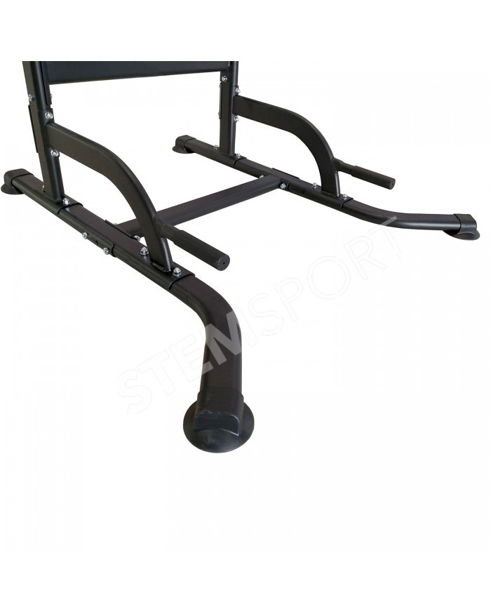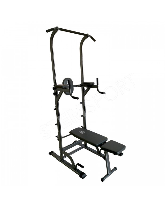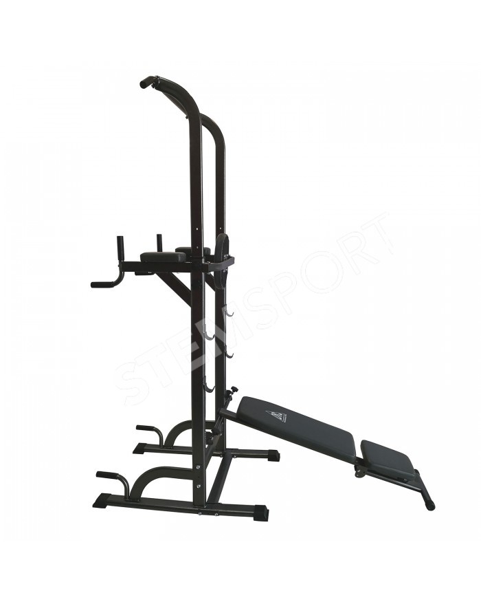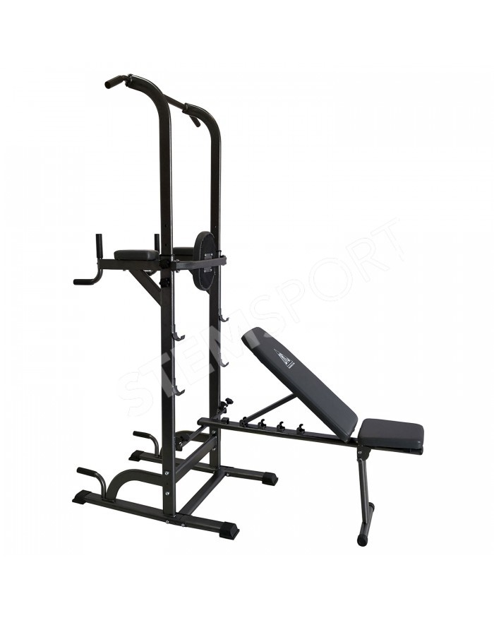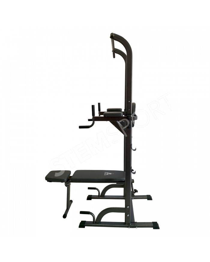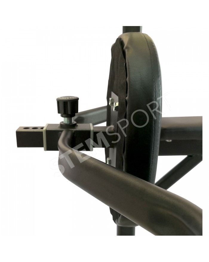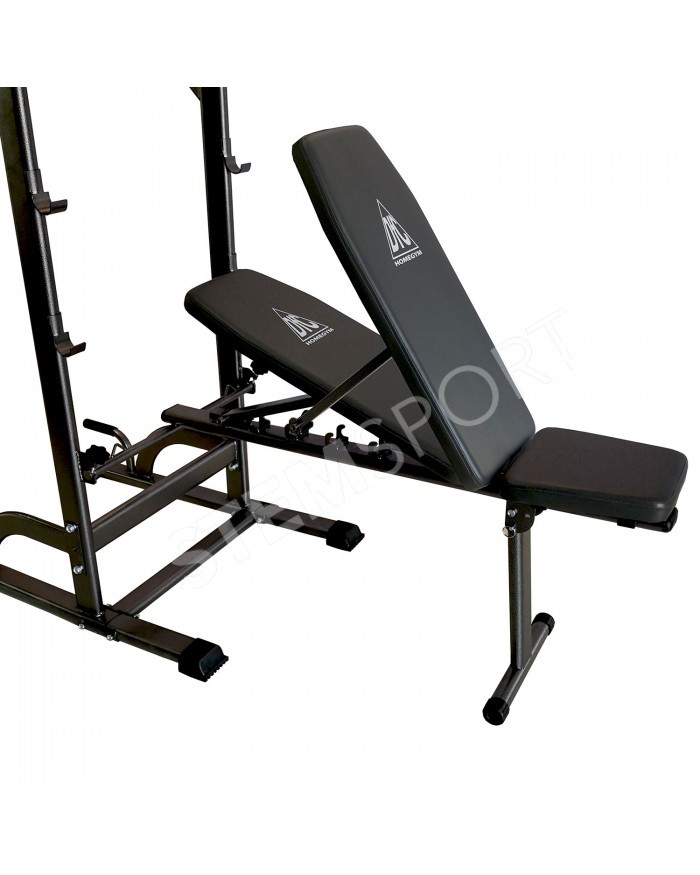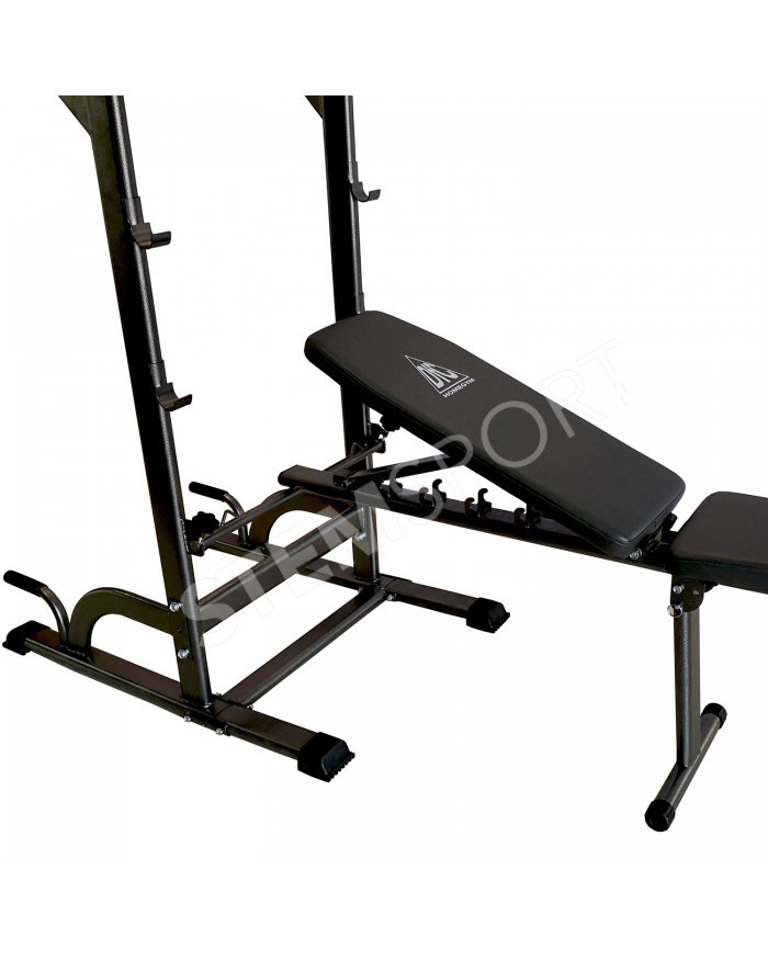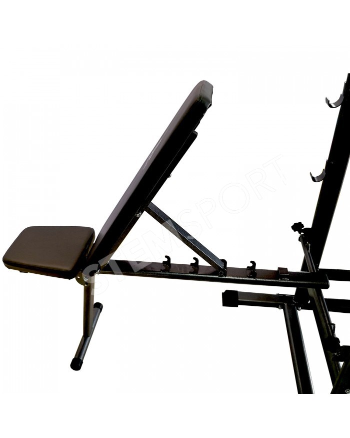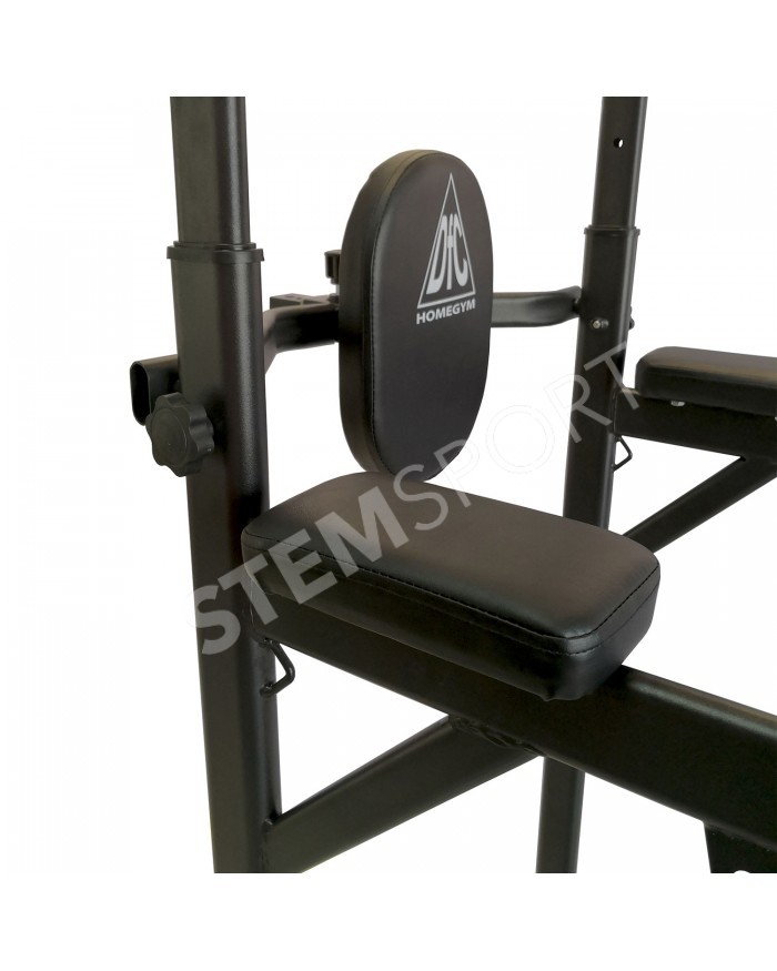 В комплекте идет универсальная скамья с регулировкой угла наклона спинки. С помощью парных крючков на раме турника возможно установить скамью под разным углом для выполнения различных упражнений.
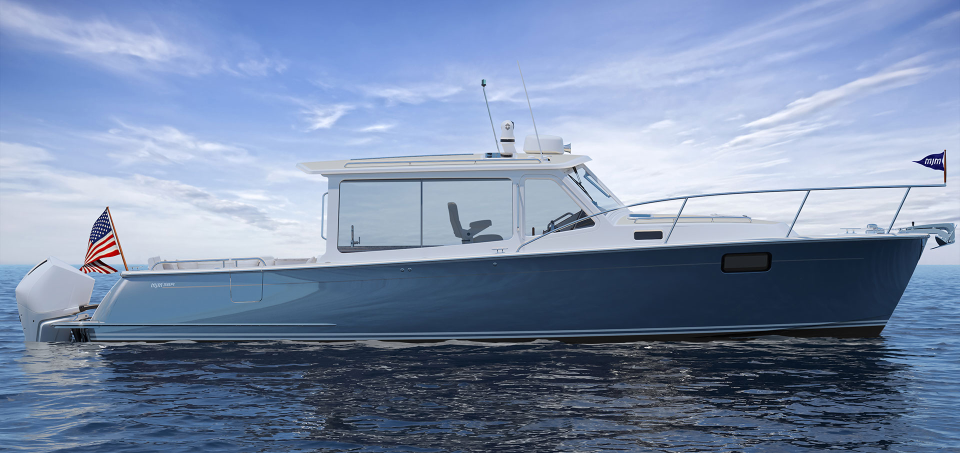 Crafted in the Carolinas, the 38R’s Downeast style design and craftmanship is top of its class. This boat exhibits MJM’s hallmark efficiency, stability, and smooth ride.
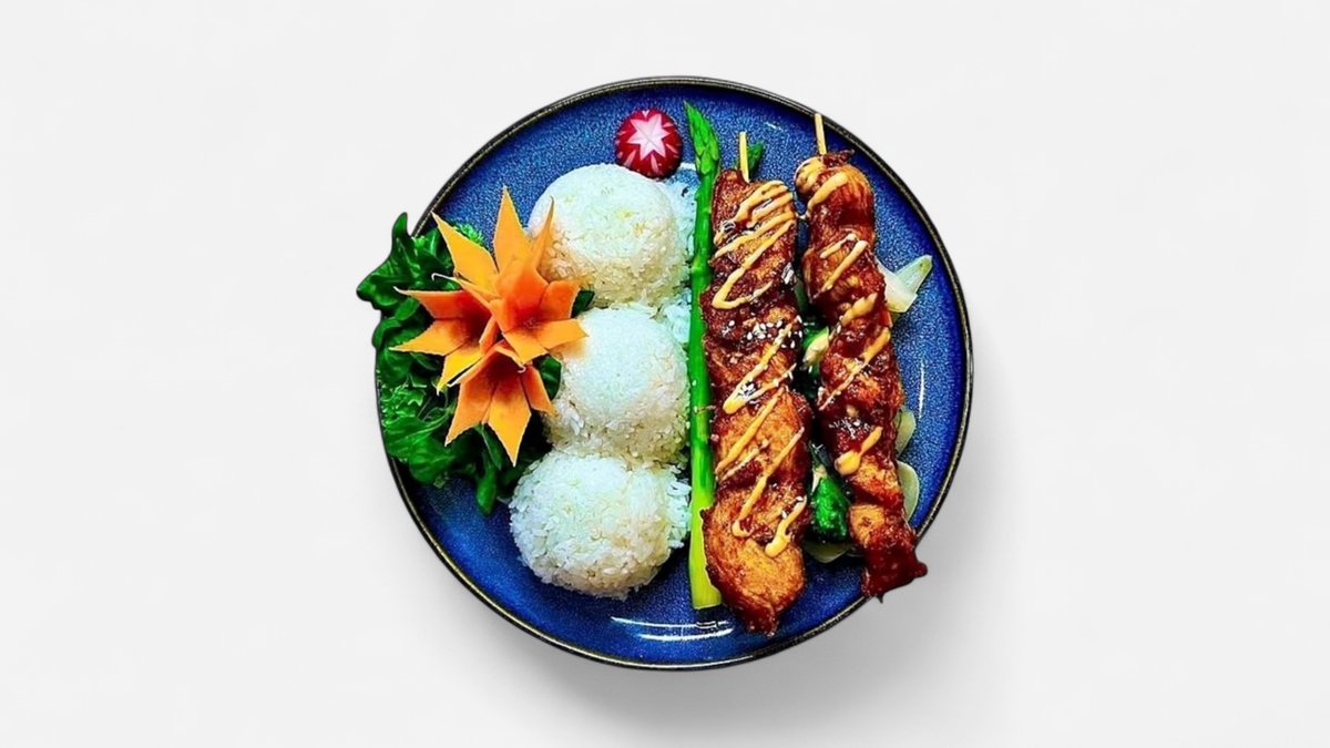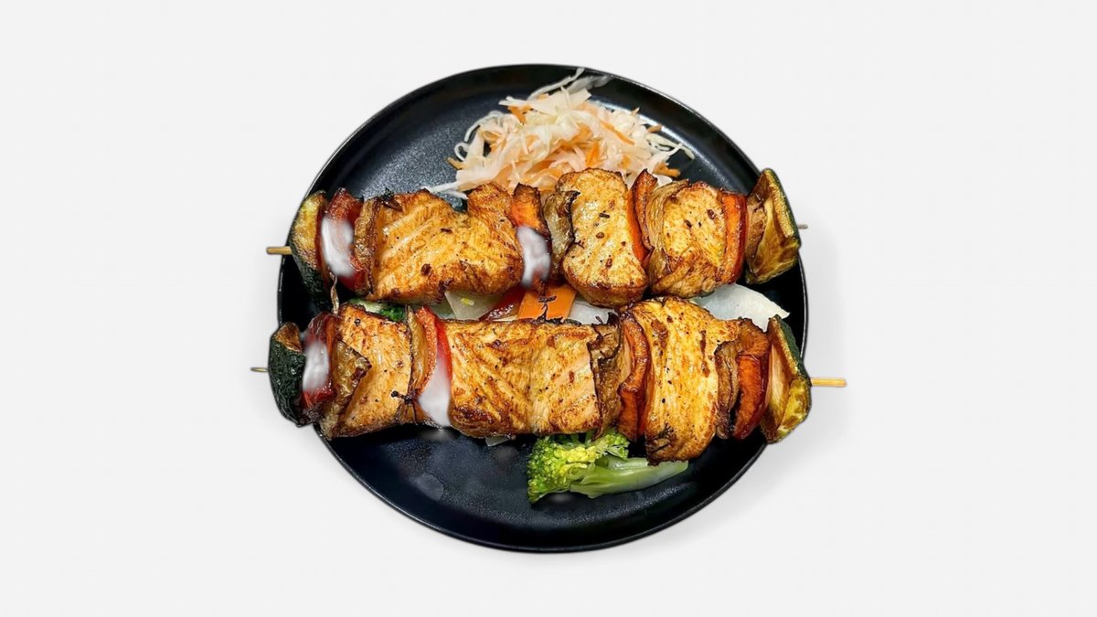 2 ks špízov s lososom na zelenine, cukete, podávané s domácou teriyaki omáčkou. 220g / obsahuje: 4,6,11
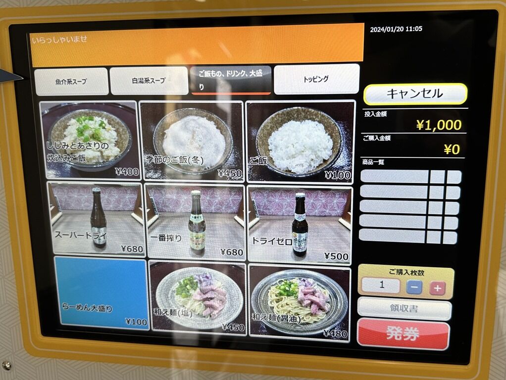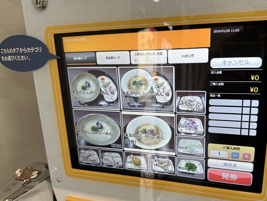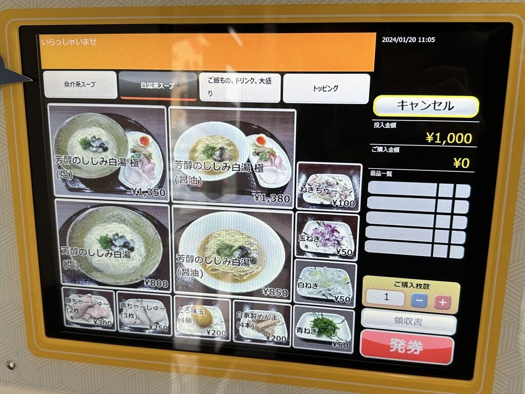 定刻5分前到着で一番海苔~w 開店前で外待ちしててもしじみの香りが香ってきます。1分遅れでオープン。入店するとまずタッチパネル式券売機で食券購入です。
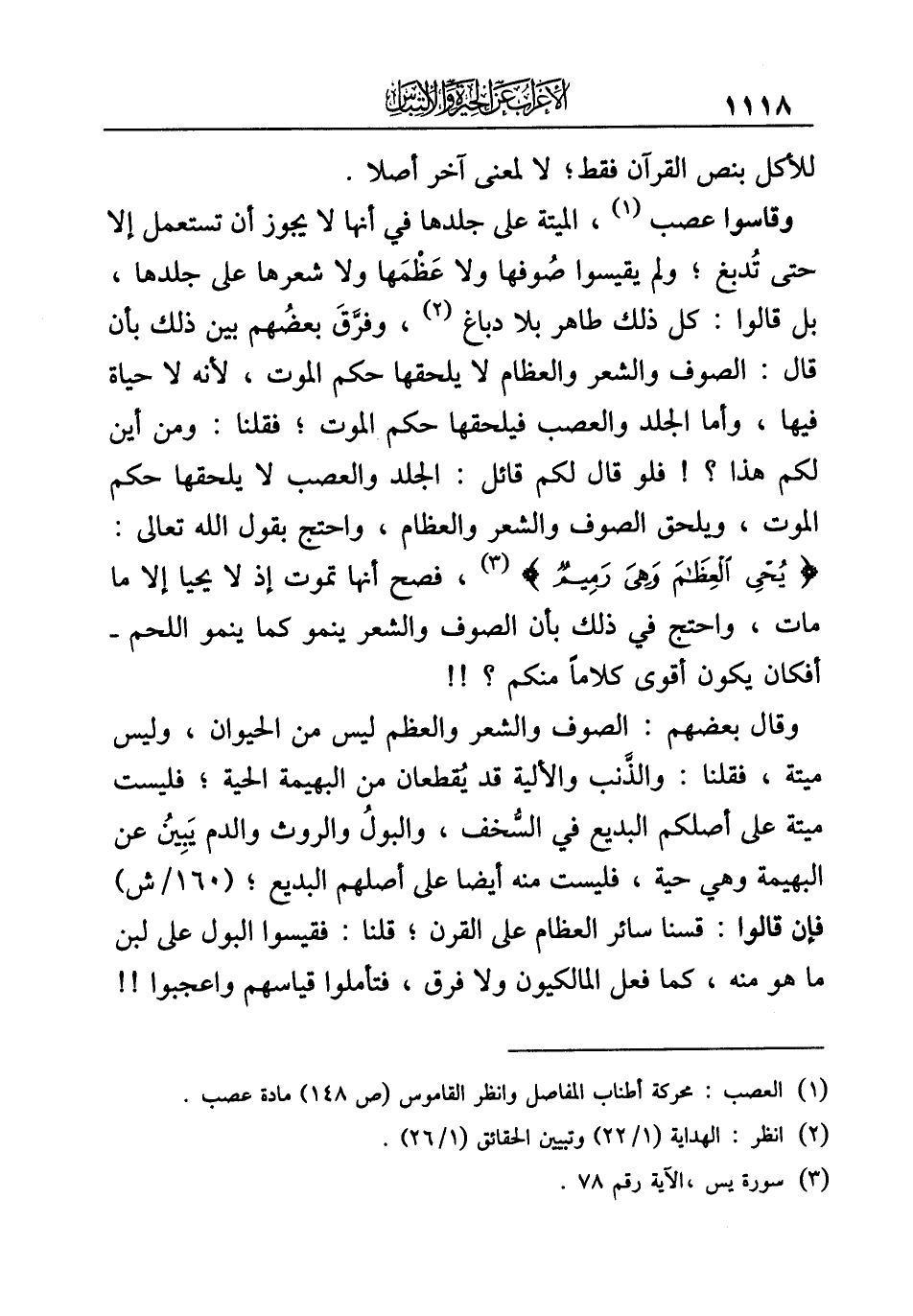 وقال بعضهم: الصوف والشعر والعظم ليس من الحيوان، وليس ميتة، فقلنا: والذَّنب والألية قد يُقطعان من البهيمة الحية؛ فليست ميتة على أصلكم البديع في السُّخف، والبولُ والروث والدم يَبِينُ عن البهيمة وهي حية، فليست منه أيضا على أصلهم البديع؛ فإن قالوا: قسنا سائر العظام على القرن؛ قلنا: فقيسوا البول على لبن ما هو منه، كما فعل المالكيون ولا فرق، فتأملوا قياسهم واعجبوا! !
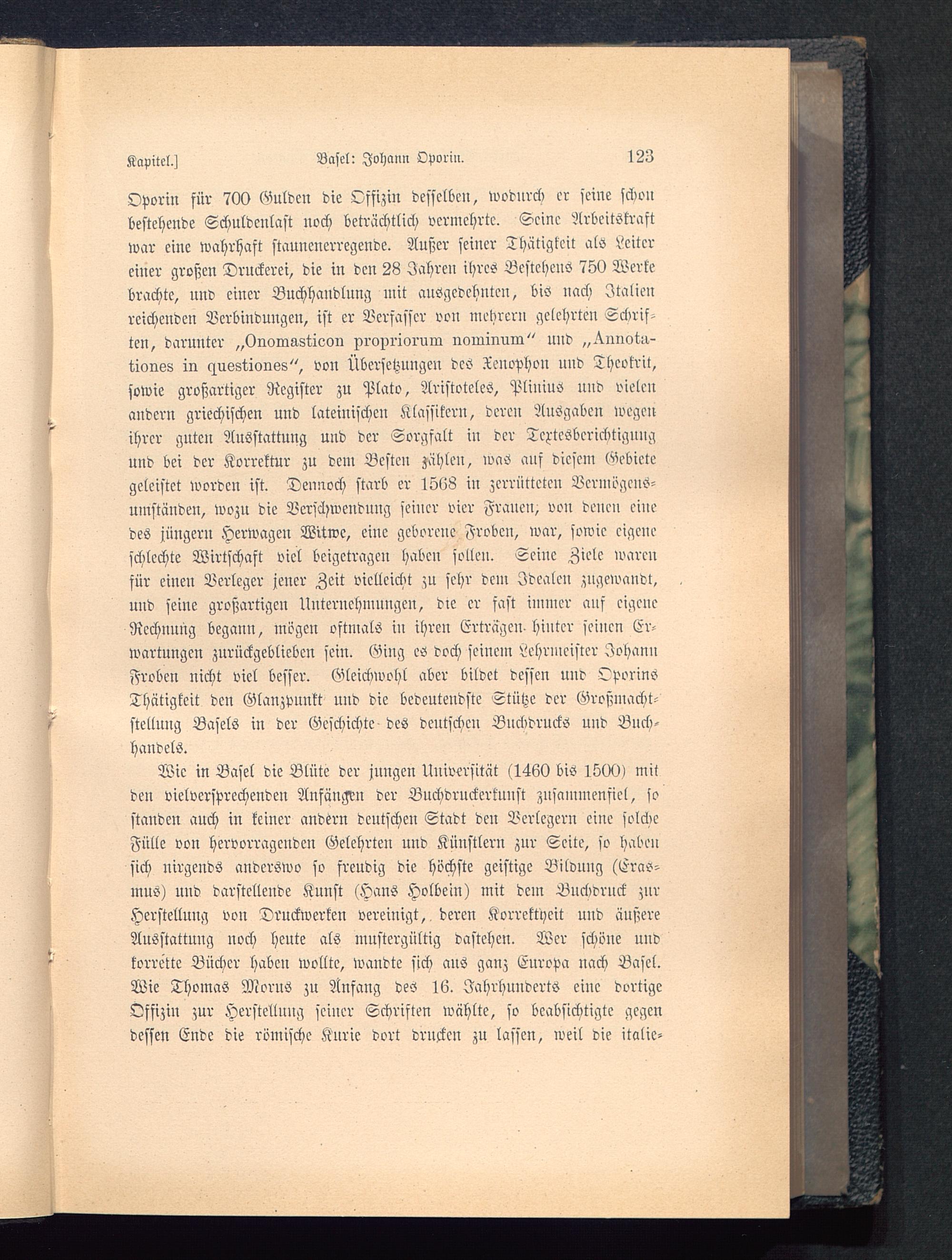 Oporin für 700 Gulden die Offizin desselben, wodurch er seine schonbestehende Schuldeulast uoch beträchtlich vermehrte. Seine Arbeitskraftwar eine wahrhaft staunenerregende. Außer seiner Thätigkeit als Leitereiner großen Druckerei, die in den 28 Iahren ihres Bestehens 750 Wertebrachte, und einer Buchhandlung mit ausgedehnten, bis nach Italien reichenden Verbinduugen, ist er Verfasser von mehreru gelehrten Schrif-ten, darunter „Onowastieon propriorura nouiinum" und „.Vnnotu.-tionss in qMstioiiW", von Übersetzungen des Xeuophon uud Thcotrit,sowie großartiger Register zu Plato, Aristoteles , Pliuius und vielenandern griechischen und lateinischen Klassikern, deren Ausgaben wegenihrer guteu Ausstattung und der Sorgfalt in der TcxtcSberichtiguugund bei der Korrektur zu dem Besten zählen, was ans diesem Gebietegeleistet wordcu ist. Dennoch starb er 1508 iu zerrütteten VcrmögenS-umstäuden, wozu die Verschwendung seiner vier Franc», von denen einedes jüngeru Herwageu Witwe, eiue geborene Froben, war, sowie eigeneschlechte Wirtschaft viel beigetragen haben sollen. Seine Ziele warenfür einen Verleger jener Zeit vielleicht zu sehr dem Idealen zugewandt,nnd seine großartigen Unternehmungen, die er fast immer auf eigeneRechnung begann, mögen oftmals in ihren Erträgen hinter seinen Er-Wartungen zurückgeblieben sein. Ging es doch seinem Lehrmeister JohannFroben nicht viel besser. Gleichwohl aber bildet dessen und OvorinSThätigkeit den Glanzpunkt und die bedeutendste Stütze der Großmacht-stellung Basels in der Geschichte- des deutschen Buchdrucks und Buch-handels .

• WHAT YOU WILL DO: Across all the lines above, repeat the wording exactly and omit the pictures.

• YOUR SOLUTION:
 В комплекте идет универсальная скамья с регулировкой угла наклона спинки. С помощью парных крючков на раме турника возможно установить скамью под разным углом для выполнения различных упражнений.
 Crafted in the Carolinas, the 38R’s Downeast style design and craftmanship is top of its class. This boat exhibits MJM’s hallmark efficiency, stability, and smooth ride.
 2 ks špízov s lososom na zelenine, cukete, podávané s domácou teriyaki omáčkou. 220g / obsahuje: 4,6,11
 定刻5分前到着で一番海苔~w 開店前で外待ちしててもしじみの香りが香ってきます。1分遅れでオープン。入店するとまずタッチパネル式券売機で食券購入です。
 وقال بعضهم: الصوف والشعر والعظم ليس من الحيوان، وليس ميتة، فقلنا: والذَّنب والألية قد يُقطعان من البهيمة الحية؛ فليست ميتة على أصلكم البديع في السُّخف، والبولُ والروث والدم يَبِينُ عن البهيمة وهي حية، فليست منه أيضا على أصلهم البديع؛ فإن قالوا: قسنا سائر العظام على القرن؛ قلنا: فقيسوا البول على لبن ما هو منه، كما فعل المالكيون ولا فرق، فتأملوا قياسهم واعجبوا! !
 Oporin für 700 Gulden die Offizin desselben, wodurch er seine schonbestehende Schuldeulast uoch beträchtlich vermehrte. Seine Arbeitskraftwar eine wahrhaft staunenerregende. Außer seiner Thätigkeit als Leitereiner großen Druckerei, die in den 28 Iahren ihres Bestehens 750 Wertebrachte, und einer Buchhandlung mit ausgedehnten, bis nach Italien reichenden Verbinduugen, ist er Verfasser von mehreru gelehrten Schrif-ten, darunter „Onowastieon propriorura nouiinum" und „.Vnnotu.-tionss in qMstioiiW", von Übersetzungen des Xeuophon uud Thcotrit,sowie großartiger Register zu Plato, Aristoteles , Pliuius und vielenandern griechischen und lateinischen Klassikern, deren Ausgaben wegenihrer guteu Ausstattung und der Sorgfalt in der TcxtcSberichtiguugund bei der Korrektur zu dem Besten zählen, was ans diesem Gebietegeleistet wordcu ist. Dennoch starb er 1508 iu zerrütteten VcrmögenS-umstäuden, wozu die Verschwendung seiner vier Franc», von denen einedes jüngeru Herwageu Witwe, eiue geborene Froben, war, sowie eigeneschlechte Wirtschaft viel beigetragen haben sollen. Seine Ziele warenfür einen Verleger jener Zeit vielleicht zu sehr dem Idealen zugewandt,nnd seine großartigen Unternehmungen, die er fast immer auf eigeneRechnung begann, mögen oftmals in ihren Erträgen hinter seinen Er-Wartungen zurückgeblieben sein. Ging es doch seinem Lehrmeister JohannFroben nicht viel besser. Gleichwohl aber bildet dessen und OvorinSThätigkeit den Glanzpunkt und die bedeutendste Stütze der Großmacht-stellung Basels in der Geschichte- des deutschen Buchdrucks und Buch-handels .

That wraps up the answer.